Note: using -e with pip
Warning for Jupyter users: you may need to restart your python notebook.


Let us test this. From a notebook or from ipython or from a python script:

In [20]:
import climetlab as cml 
ds = cml.load_dataset('my-plugin', parameter = 'soil_temperature')
ds.to_pandas()


my-plugin.yaml: 0.00B [00:00, ?B/s]



NameError: ignored

In [21]:
ds = cml.load_dataset('my-plugin', parameter = 'forecast_error')
ds.to_pandas()

my-plugin.yaml: 0.00B [00:00, ?B/s]



NameError: ignored

# Improving data usability
Data can be accessed as a panda dataframe. Can we do better to help the end-user handling the data?

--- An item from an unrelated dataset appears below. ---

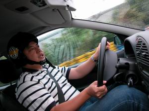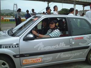 第二部試駕到的是Saxo VTS。Saxo雖然在房車賽中與眾多Civic競爭之下,成績只能算中等,但先天體質算是相當不錯。很明顯地,Saxo VTS的齒輪比很密,同樣乘坐三人外加錄影設備,出耶穌彎後必須進入三檔,退回二檔進入右髮夾彎。由於車體嬌小,Saxo VTS的靈活度比Xsara VTR好多了,當然引擎馬力也比較大,1.6升120bhp的馬力確實蠻充沛的。可能是這部車的輪胎配得不錯(米其林Pilot SX),跑起來相當流暢,PIT後方直線尾的急左彎也非常輕鬆地點煞車後輪側滑入彎,根據錄影帶顯示,單圈成績大約在1分17秒左右,比Xsara VTR快上整整6秒!!

What about helping them fixing a typo?

In [22]:
import climetlab as cml
cml.load_dataset('my-plugin', parameter = 'soiltemperature')
# For Github actions: skip

my-plugin.yaml: 0.00B [00:00, ?B/s]



NameError: ignored

Let us replace this error message 

	`FileNotFoundError: [Errno 2] No such file or directory: 'soiltemperature.csv'`

by a more helpful error message such as:

	`Invalid value 'soiltemperature', possible values are ['soil_temperature', 'forecast_error'] (EnumSingleOrListType)`

In [23]:
# Add the climetlab decorator `@normalize`
from climetlab.decorators import normalize

@normalize("parameter", ['soil_temperature', 'forecast_error'])
def __init__(self, parameter):
    self.source = cml.load_source("file", parameter + '.csv')

# And retry previous cell (You may need to restart kernel after doing pip install)

# If you installed the plugin package with -e, you do not need to reinstall it.
# If you did not use -e, you need to reinstall the plugin package to update it.

In [24]:
import climetlab as cml
cml.load_dataset('my-plugin', parameter = 'soiltemperature')
# For Github actions: skip

my-plugin.yaml: 0.00B [00:00, ?B/s]



NameError: ignored

This also takes care of using lower and uppercase letters:

In [25]:
import climetlab as cml
ds = cml.load_dataset('my-plugin', parameter = 'SOIL_TEMPERATURE') # ok
ds = cml.load_dataset('my-plugin', parameter = 'Soil_Temperature') # ok

my-plugin.yaml: 0.00B [00:00, ?B/s]



NameError: ignored

## Dates time parameters
Date and time are so ubiquitous in the climate and meteorology domains that we have developed specific tools to handle these input arguments.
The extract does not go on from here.